# Are all line integrals zero by divergence theorem?

Suppose there is a vector field A. Now the line integral over some curve c equals double integration of curl A over surface S enclosed by C. Now if we put the divergence theorem in this then it becomes triple integral of divergence of curl Adv over the volume enclosed by the surface. Now divergence of curl of vector A becomes zero. Now so the volume integral should be zero. So the surface and line integral is also zero. So we can do this for any line integral (where the vector is defined in the surface). So does it imply all line integrals are zero. Where am I doing the mistake? Sorry for mathjax.

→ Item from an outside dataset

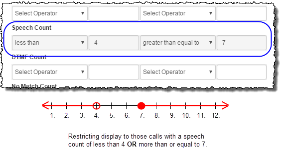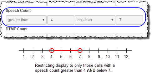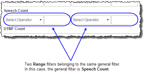 There are several filters within the Call Set Filter page that allow you to reduce the reported call data by restricting calls outside of a specified range. They are all in the Call Attributes area of the interface and include Duration in seconds, Speech Count, DTMF Count, No Match Count, No Input Count, Collection Count, and Confirmation Count. Each of these general filters includes two filters to allow you to specify beginnings and ends of the ranges you would like to see listed. When used in this way, one would typically select a greater than operator to go with the lowest limit of the range and a less than operator to go with the upper limit, thereby excluding all calls below and above the bracketed range. In this case, the relationship between the filter specifying the lower limit and the filter specifying the upper limit is characterized by an AND operator.
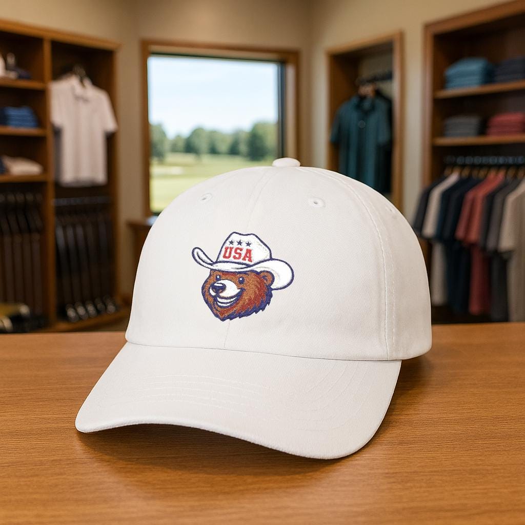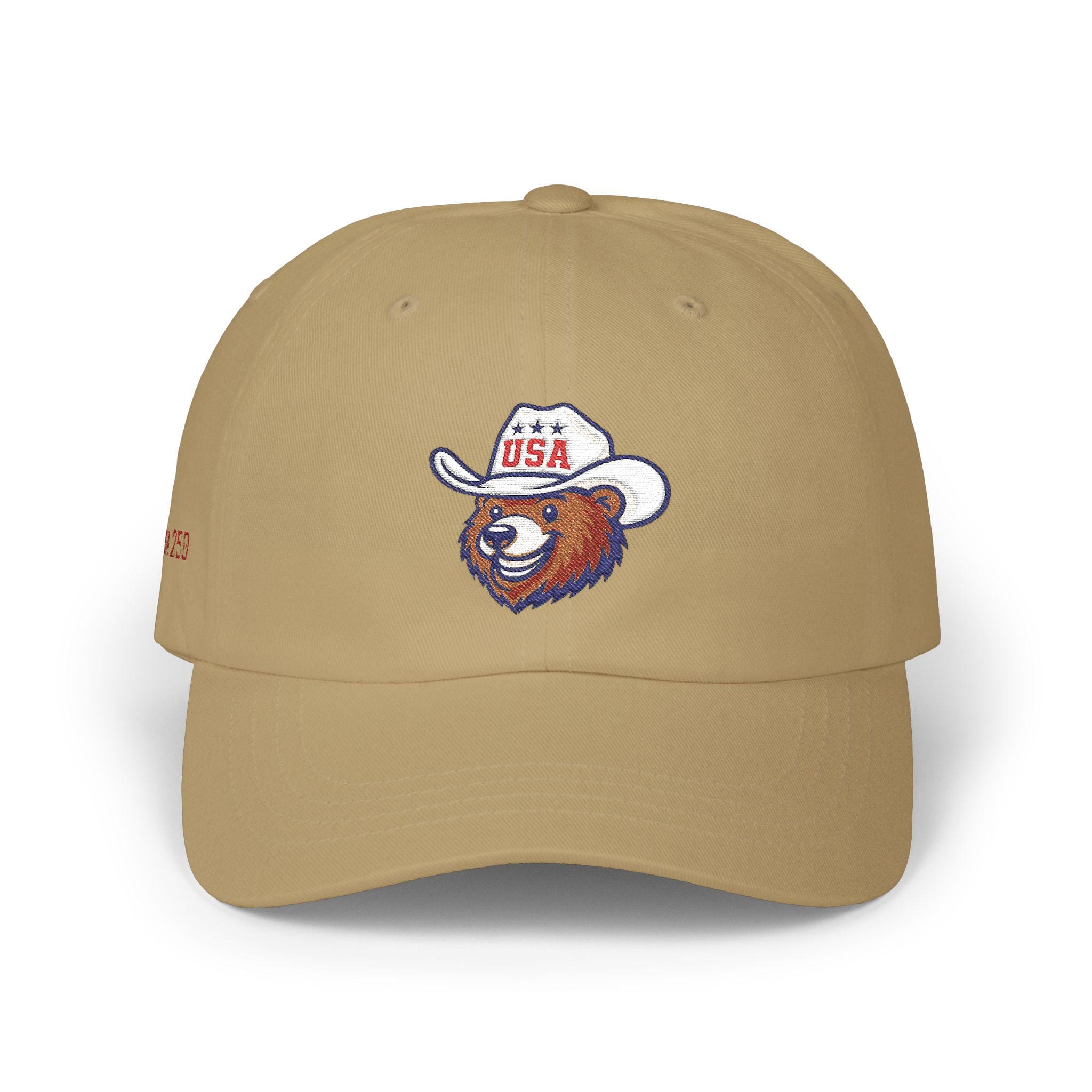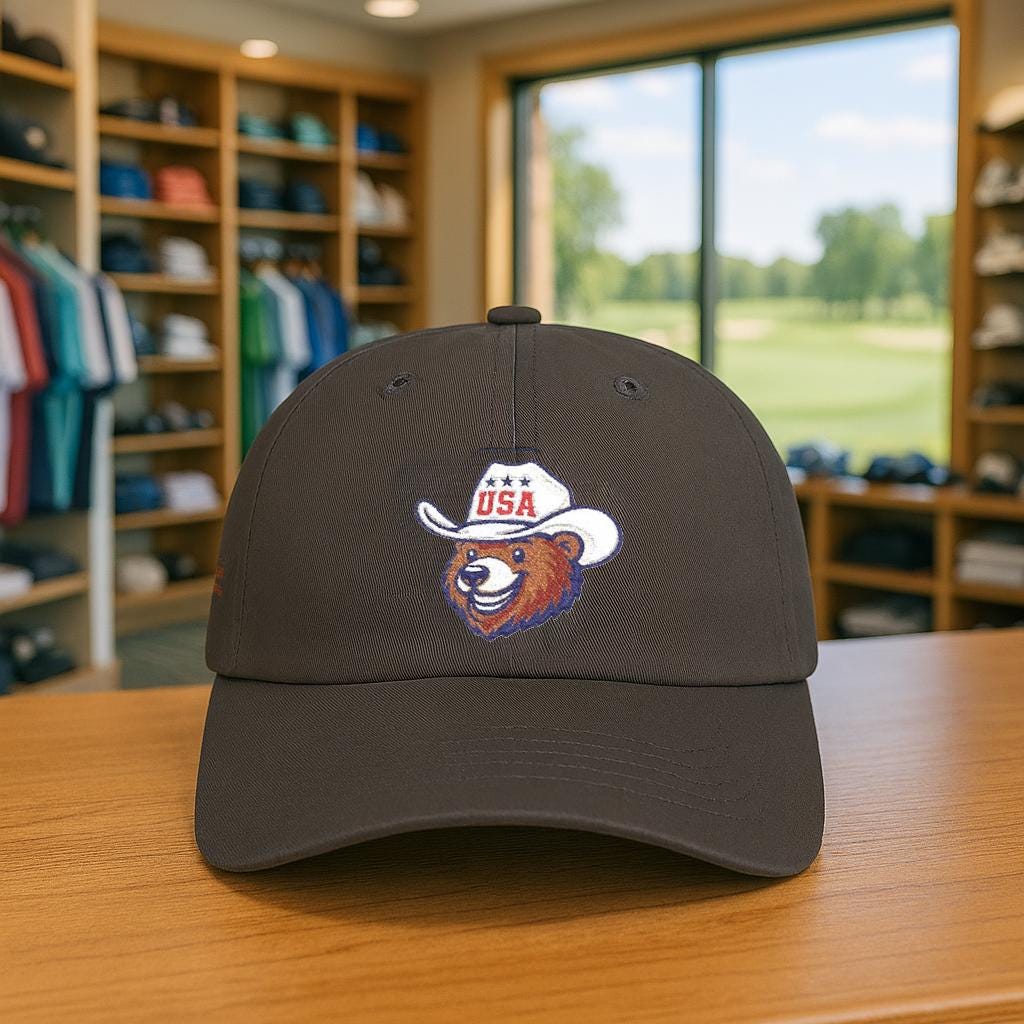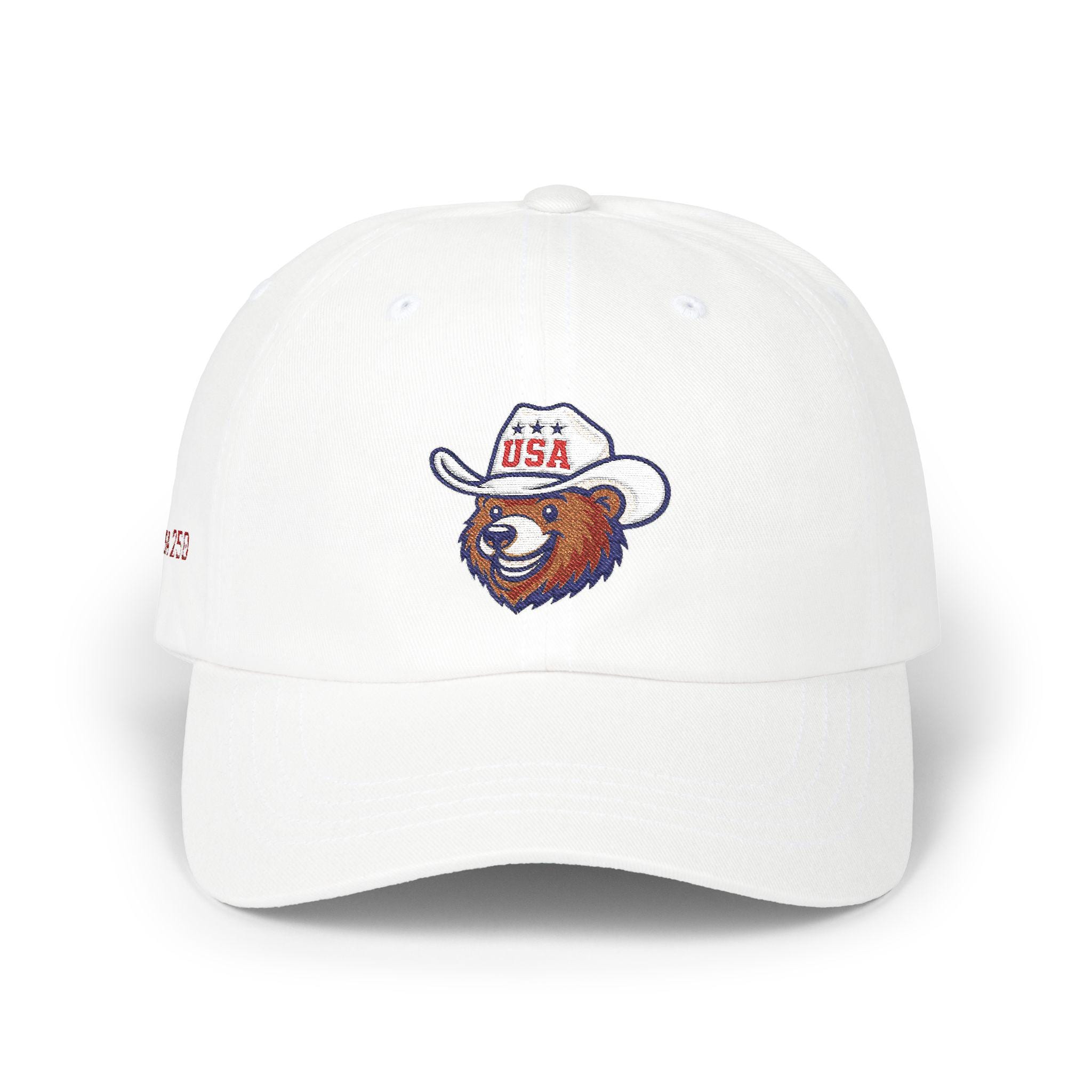Patriotic Bear with USA 250 Cowboy Hat Dad Cap | American Flag Logo

• What are the hypotheses on using the divergence theorem? Aug 4, 2018 at 0:54
• @JasonDeVito the vector should be valid throughout the region. The surface should enclose a volume. The region has to be simply connected. Aug 4, 2018 at 0:56
• If the surface encloses a volume, does it have a boundary curve? Aug 4, 2018 at 0:59
• @JasonDeVito it should have a plane not a curve I guess. Except sphere or paraboloid etc. Aug 4, 2018 at 1:00
• Nope, no exceptions. If a surface encloses a volume, it has no boundary curve. So there is no way to apply the divergence theorem after applying Stokes's theorem Aug 4, 2018 at 1:20

In order to apply the divergence theorem, your surface $S$ needs to enclose a solid. This, in particular, implies that $S$ itself has no boundary. But using Stokes's theorem relates the integral over a surface to an integral over its boundary. Thus, there is no surface $S$ for which both theorems apply.